Background & Summary

Because of its location in a densely populated region with intensive economic activities, the North Sea has been seriously affected by anthropogenic activities, both historical and contemporary1,2. Especially in the last 50 years it has been heavily impacted by pollution (e.g. heavy metals), eutrophication (with shifts in nutrient ratios), climate change, fisheries (with concomitant changes in food webs) and other disturbances (e.g. the construction of offshore windfarms)37.

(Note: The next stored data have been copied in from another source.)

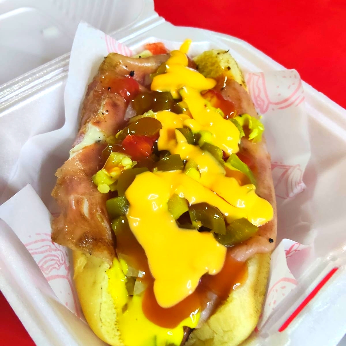 Carne 100% natural, queso Oaxaca, queso amarillo, salchicha, jamón y tocino.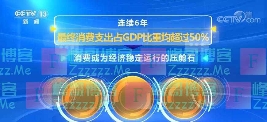 连续6年,最终消费支出占GDP比重均超过50%,消费成为经济稳定运行的压舱石。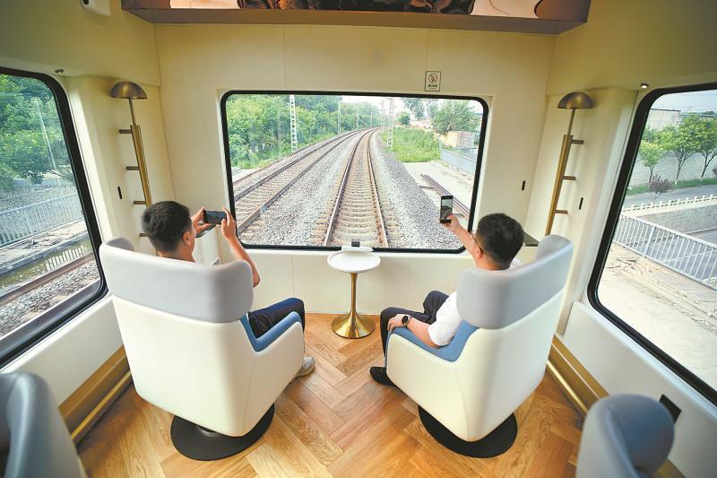 4节观光车厢内,电动按摩椅、可折叠桌板让人放松身心,充裕的USB充电口方便充电。旅客对坐或品茗,或玩桌游,享受优闲时光。也有旅客坐在对窗座椅上沉浸式赏景,阳光从车窗透进车厢,城郊景色在眼前一幕幕闪过,让人惬意又放松。
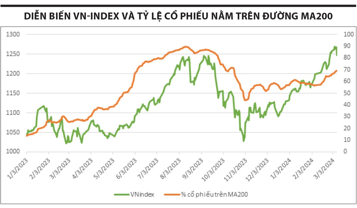 Thị trường điều chỉnh là diễn biến cần thiết để “thay máu” dòng tiền, qua đó thiết lập lại xu hướng tăng. Điểm tích cực là độ rộng thị trường được cải thiện đáng kể sau khi VN-Index vượt đỉnh ngắn hạn, thống kê trên sàn HOSE hiện có gần 70% cổ phiếu nằm trên đường trung bình 200 ngày (MA200). Về mặt kỹ thuật, đây là con số thể hiện VN-Index đang bước vào trạng thái thị trường tăng giá (Bull market).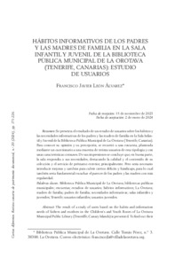 León-Álvarez, Francisco-Javier Hábitos informativos de los padres y las madres de familia en la sala infantil y juvenil de la biblioteca pública municipal de La Orotava (Tenerife, Canarias):estudio de usuarios. Cartas Diferentes: revista canaria de patrimonio documental, 2024, n. 20, pp. 171-226. [Journal article (Paginated)]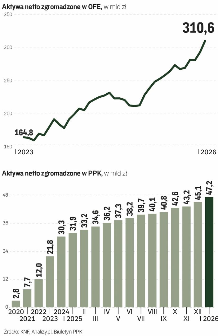 Liczba uczestników Otwartych Funduszy Emerytalnych spadła na początku roku poniżej 14 mln. I dalej będzie spadać, bo młodzi nie palą się do przystępowania do OFE i nie zastępują tych, którzy z tego systemu w sposób naturalny odpływają, przede wszystkim odchodząc na emerytury. Mimo to jednak wartość aktywów zgromadzonych w OFE bije kolejne historyczne rekordy. Na koniec stycznia sięgnęła wedle wyliczeń serwisu Analizy.pl 310,6 mld zł. Oczywiście decydujący wpływ na te wzrosty ma utrzymująca się dobra koniunktura na rynkach finansowych, ale te liczby robią wrażenie.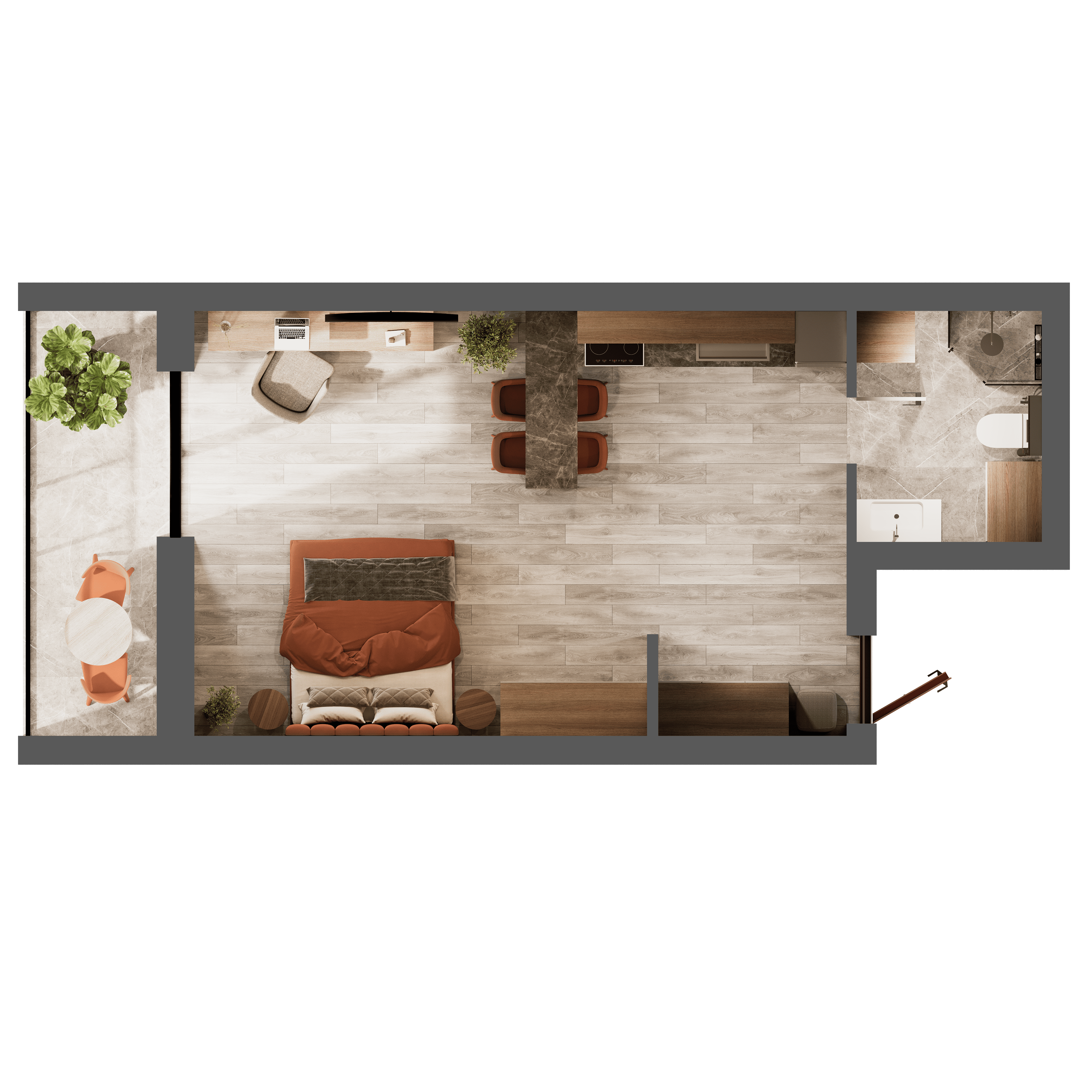 зручний простір для спальні та кухонної зони.

Due to its role as the main primary producer in the ocean, phytoplankton influences almost all higher trophic levels, from copepod herbivores to zooplankton carnivores, pelagic fish, seabirds and marine mammals8. Phytoplankton is sensitive to anthropogenic pressures and both its production and composition can change as a result of eutrophication and temperature changes, but also as a result of top-down effects of changes in higher trophic levels (e.g. through fisheries, shifts in zooplankton composition)4,5,9. Long-term data on phytoplankton community structure offer a unique opportunity to study the impact of various anthropogenic pressures on phytoplankton, and how phytoplankton may respond to future changes.

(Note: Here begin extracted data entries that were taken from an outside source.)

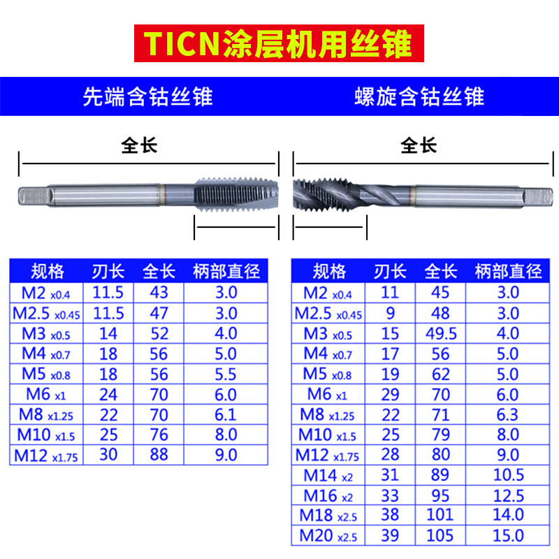 M2X0 4 spiral (tapping blind hole) M2 5X0 45 spiral (tapping blind hole) M3X0 5 spiral (tapping blind hole) M4X0 7 spiral (tapping blind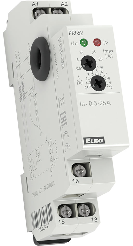 ELKO EPÁramfigyelő relé (áramhatár-kapcsoló) AC 0,5 - 25 A tartományra, - a beépített áramváltón átfűzött vezetéken átfolyó áram mérésével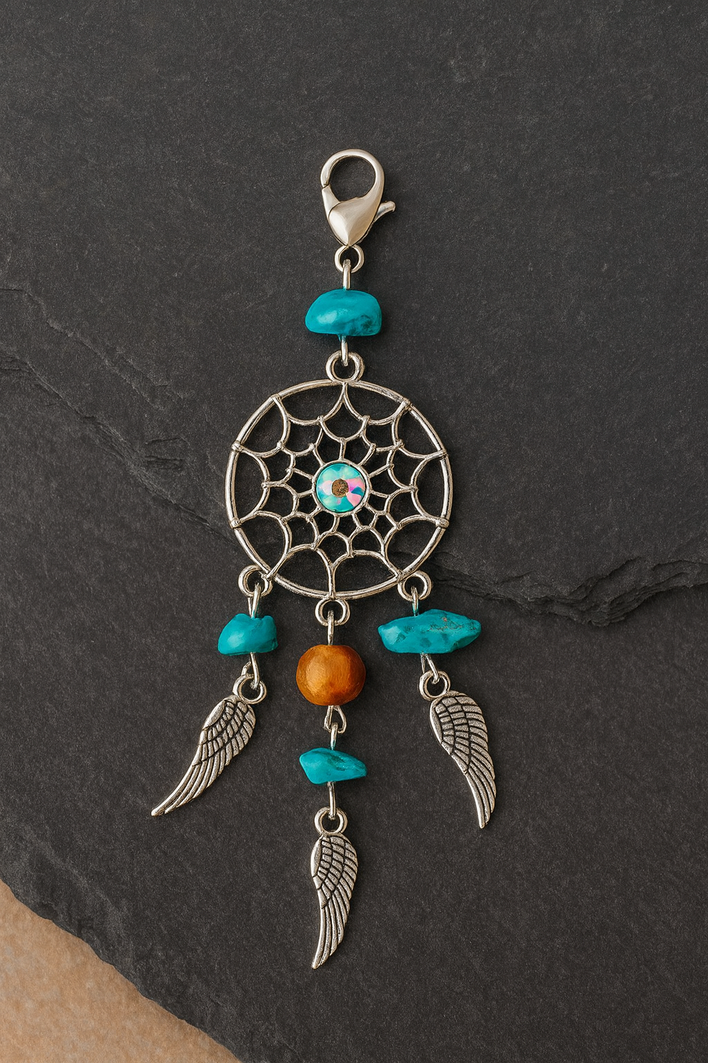 Ob als Talisman, Kettenanhänger, Taschenanhänger oder am Schlüsselbund – dieser Traumfänger schenkt dir positive Energie und begleitet dich auf deinem Weg.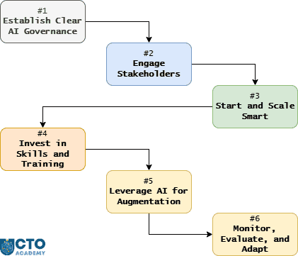 - Engage Stakeholders by forming AI committees (for mid-sized to large organizations) and maintaining transparent communication.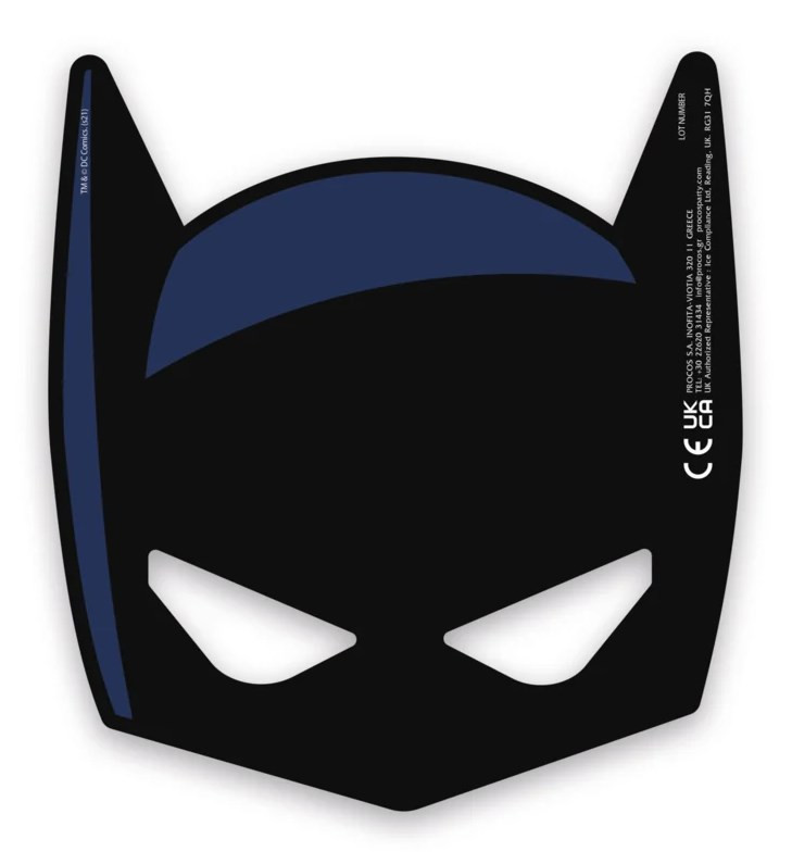 Conjunto de seis máscaras do Batman da DC Comics em cartão com elástico. Ideal para usar em festas de aniversário do tema.

While in most North Sea countries such as the Netherlands, France, Germany and the United Kingdom long-term monitoring phytoplankton programs have been running for several decades1019, in Belgium no such structured long-term monitoring effort exists. Nevertheless, an impressive amount of phytoplankton community structure studies have been conducted during the last decades, including the 1970’s for which data are often lacking in neighbouring countries12,13,1719. These historical and recent cell count data were until now scattered in technical reports or in digital form on laboratory computers only, while some data were directly incorporated in the database of the Belgian Marine Data Centre (BMDC). As a result, these quantitative phytoplankton community structure datasets, which took a lot of resources and expert knowledge to acquire, were never published or disseminated as a whole to the wider scientific community. In addition, because the data were collected by different researchers over a long time period, the data were never quality controlled or standardized in a uniform way.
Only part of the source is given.